Task 02 - Extend the Zava Product Manager application
Introduction
The prior task introduced the foundational elements of the Zava Product Manager application, which serves as a central hub for managing product-related inquiries and tasks. You have shown Zava that the Product Manager can effectively handle a variety of customer requests, from product lookups to recommendations. However, to further enhance the capabilities of the Product Manager and provide a more comprehensive solution, you will now extend the application by integrating additional agents using the Agent2Agent (A2A) Protocol.
Description
In this task, you will extend the Zava Product Manager application to incorporate additional agents using the Agent2Agent (A2A) Protocol. This will involve modifying the existing application to enable communication between multiple AI agents, allowing for more sophisticated interactions and improved customer service. With the Semantic Kernel library, you can also create Plugins that encapsulate specific functionalities, making it easier to manage and extend the capabilities of your agents.
Success Criteria
- You have successfully integrated additional agents into the Zava Product Manager application using the A2A Protocol.

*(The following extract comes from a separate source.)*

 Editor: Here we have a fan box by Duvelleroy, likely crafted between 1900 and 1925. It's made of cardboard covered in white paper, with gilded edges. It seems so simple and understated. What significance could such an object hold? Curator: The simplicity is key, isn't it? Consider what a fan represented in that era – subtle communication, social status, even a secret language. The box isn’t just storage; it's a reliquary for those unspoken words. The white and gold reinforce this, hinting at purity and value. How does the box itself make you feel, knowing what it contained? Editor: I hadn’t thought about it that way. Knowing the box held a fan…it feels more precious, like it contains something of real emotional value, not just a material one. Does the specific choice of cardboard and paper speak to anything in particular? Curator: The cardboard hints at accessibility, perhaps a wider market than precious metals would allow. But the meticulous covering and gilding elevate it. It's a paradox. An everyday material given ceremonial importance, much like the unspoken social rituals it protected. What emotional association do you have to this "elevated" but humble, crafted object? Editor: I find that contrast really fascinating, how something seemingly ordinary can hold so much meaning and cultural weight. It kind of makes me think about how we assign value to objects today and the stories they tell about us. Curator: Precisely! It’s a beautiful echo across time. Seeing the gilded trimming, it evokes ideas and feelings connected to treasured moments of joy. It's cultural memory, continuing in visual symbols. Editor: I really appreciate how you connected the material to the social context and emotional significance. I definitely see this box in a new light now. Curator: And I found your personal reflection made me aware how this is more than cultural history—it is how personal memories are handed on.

- You have created at least one Plugin that adds new functionality to your agents.
Learning Resources
Key Tasks
01: Incorporate new agents
Adding new agents to the Zava Product Manager application is fairly straightforward, as the core architecture is already in place. You will create three new agents in particular, including two in this step. The first will be the Marketing Agent, which will handle tasks related to product recommendations, upselling, cross-selling, and improving product descriptions. The second will be the Ranker Agent, which will manage product comparisons, reviews, and rankings. Finally, you will modify the existing Product Manager Agent to delegate tasks to these new agents as appropriate.
Before continuing, stop the existing application if it is still running. You can do this by pressing CTRL + C (or CMD + C on macOS) in the terminal window where the application is running.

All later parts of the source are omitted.